Member of the Michigan House of Representatives from the Eaton County 2nd district
- In office January 3, 1877 – December 31, 1878
- Preceded by: George Huggett
- Succeeded by: Orsamus S. Barnes

Personal details
- Born: September 1, 1823 Hector, New York, US
- Died: March 1, 1909 (aged 85) Kalamo Township, Michigan, US
- Party: Republican

= James J. Gould =

American politician

James J. Gould (September 1, 1823March 1, 1909) was a Michigan politician.

==Early life==
Gould was born on September 1, 1823, in Hector, New York. James received a public school education.

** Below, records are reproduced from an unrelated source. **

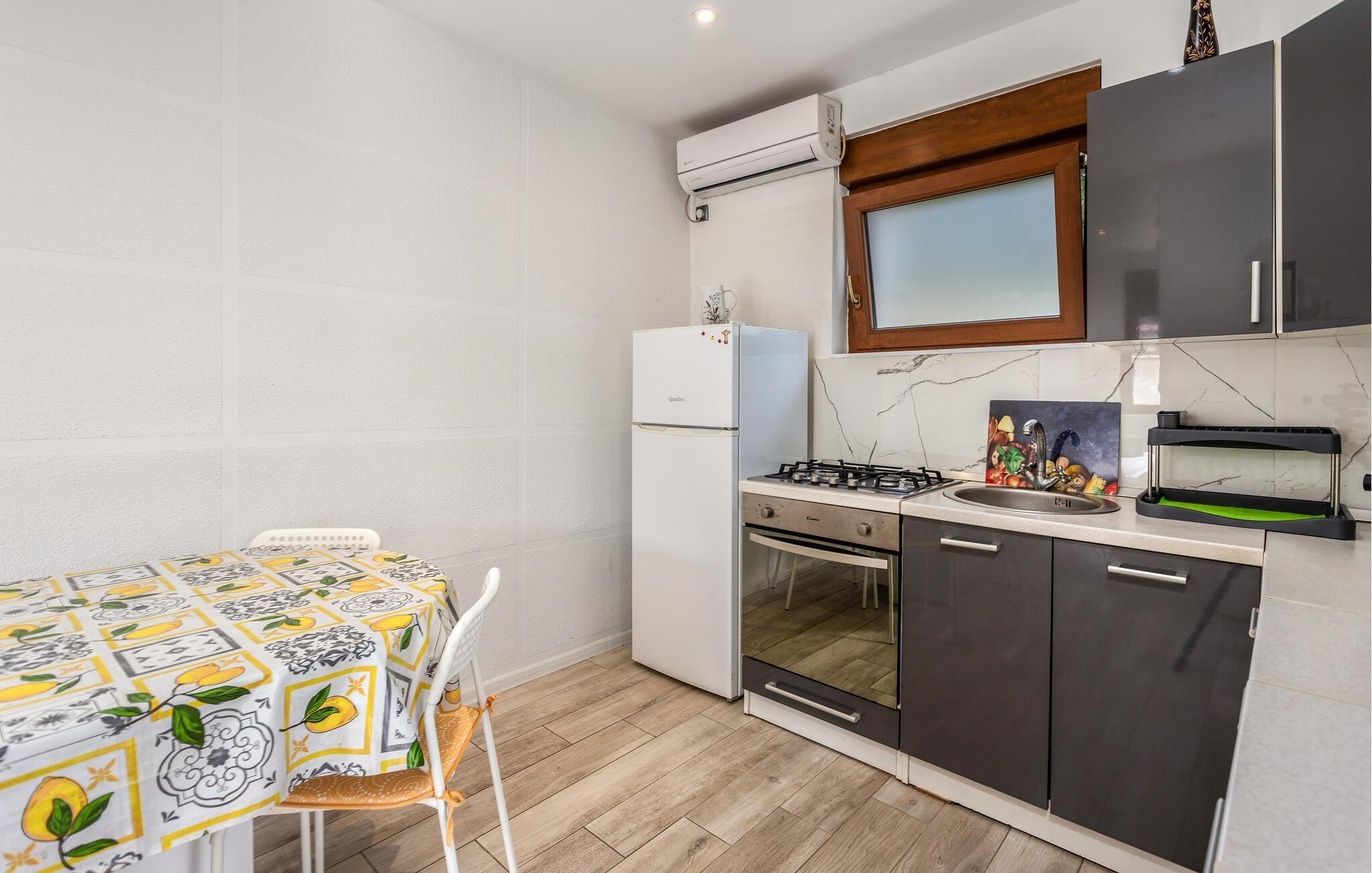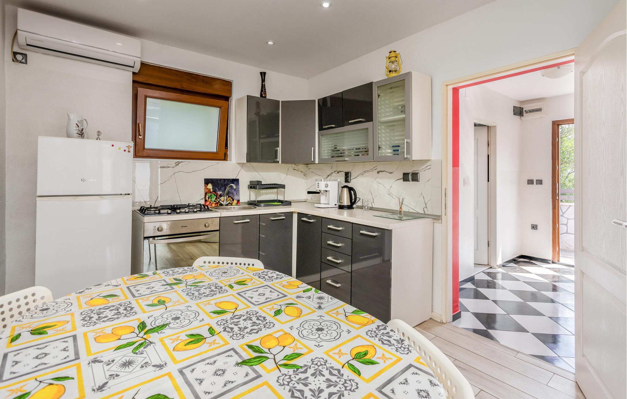 Ditt funksjonelt innredede feriehus er det perfekte utgangspunkt for ferieutflukter i Crikvenica-området. Start ferien med frokost på terrassen under den skyggefulle parasollen og nyt fritiden. Den milde brisen og forventningen til dagen gir en avslappende morgen. Inne i ferieleiligheten venter lyse, vennlige og koselig innredede rom på deg. Det velutstyrte kjøkkenet inviterer deg til å trylle frem kulinariske herligheter med ferske, regionale ingredienser.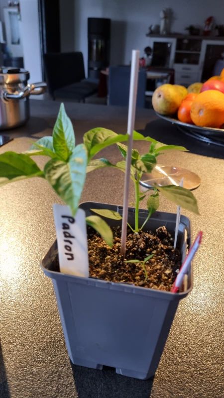 Die van jou worden gelijk heel erg mooi en breed. Bij mij niet. Dat zal wel aan de verlichting liggen, maar daar kan ik nu niets aan doen. Ik kreeg van mijn vriendin vorig jaar 2 bekers: een met 3 espelette pepers en een met 3 Jalapeño pepers en die bekers zijn nog smaller dan mijn P9 potjes. En die heb ik laten staan, doet mijn vriendin ook altijd totdat ze naar buiten gaan. Ik heb ook P11, maar dan nemen ze heel veel plek in mijn kast in en kan er niets meer staan wat b.v. ook licht of warmte/licht nodig heeft. Want mijn vele pompoenen, courgettes en tomaat komen straks nog in de kast te staan voor het licht en die hebben uiteindelijk allemaal P11 nodig. Maar misschien volgend jaar toch in de P11 gaan zetten. Tot nu toe gaat het goed. Ik denk niet dat nog eens tussendoor overpotten een goed idee is? Die van vorig jaar in de bekertjes kregen gele blaadjes, toen voeding gegeven. Nu afwachten hoe het met mijn 40 pepertjes straks gaat aflopen.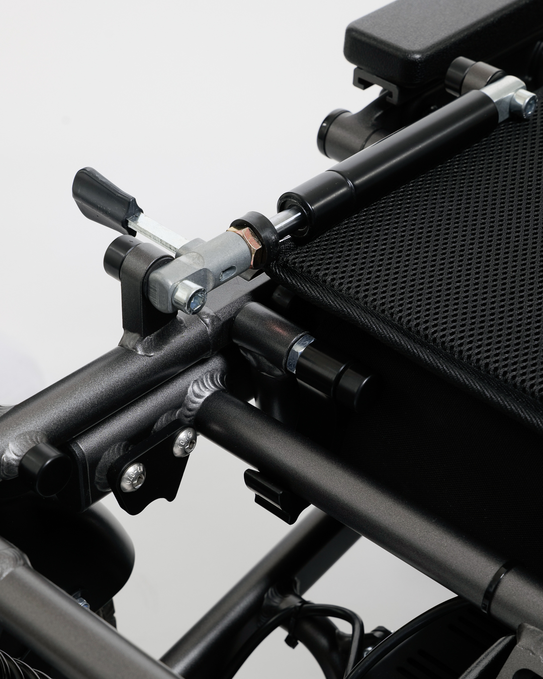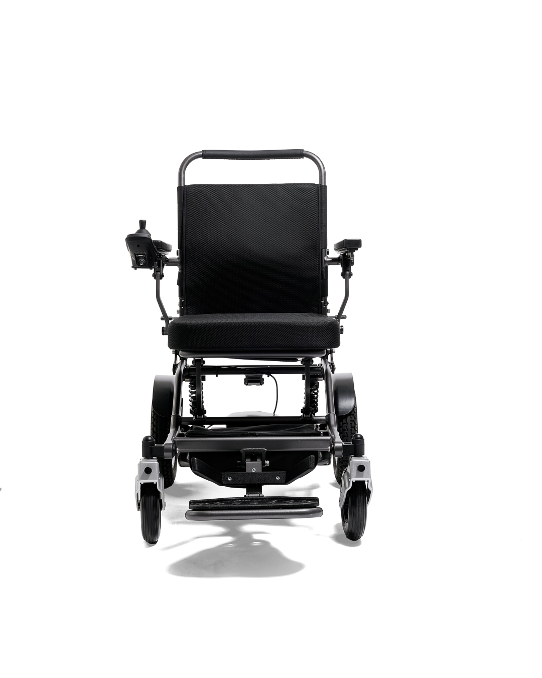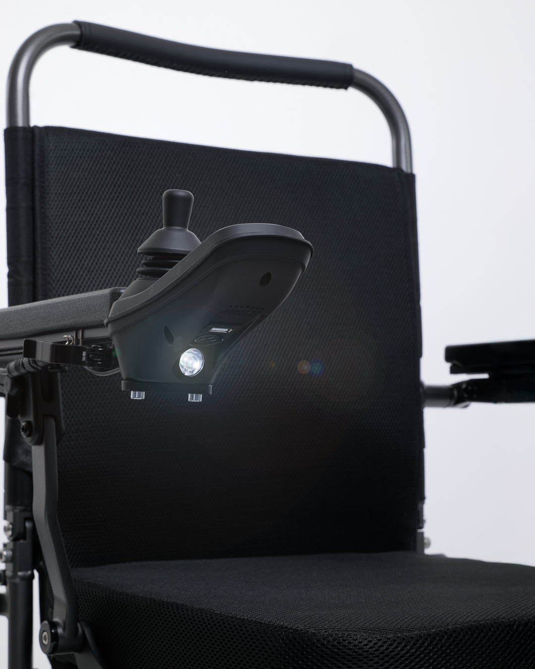 Verstelbare armleuningen en voetsteun zorgen voor een meer op maat gemaakte pasvorm, wat bijdraagt aan het comfort. Met drie batterijsleuven biedt dit model een langere gebruiksduur voor langere ritten. In opgevouwen toestand houdt een handig veiligheidsslot de rolstoel vergrendeld voor eenvoudig transport en opslag.

In 1854, James moved to Reading Township, Michigan.

==Career==
In 1859, Gould served as the treasurer of Reading Township. In 1866, Gould moved to Kalamo Township, Michigan. In Kalamo, he worked as a farmer. In 1873, Gould served as justice of the peace in Kalamo alongside Joseph Gridley. On November 7, 1876, Gould was elected to the Michigan House of Representatives, where he represented the Eaton County 2nd district from January 3, 1877, to December 31, 1878.

==Personal life==
Gould was married to Adelia Fletcher. On February 28, 1890, Adelia died. In 1891, Gould remarried to Sarah J. Gridley. Sarah died on December 21, 1898.

Gould died on March 1, 1909, in Kalamo.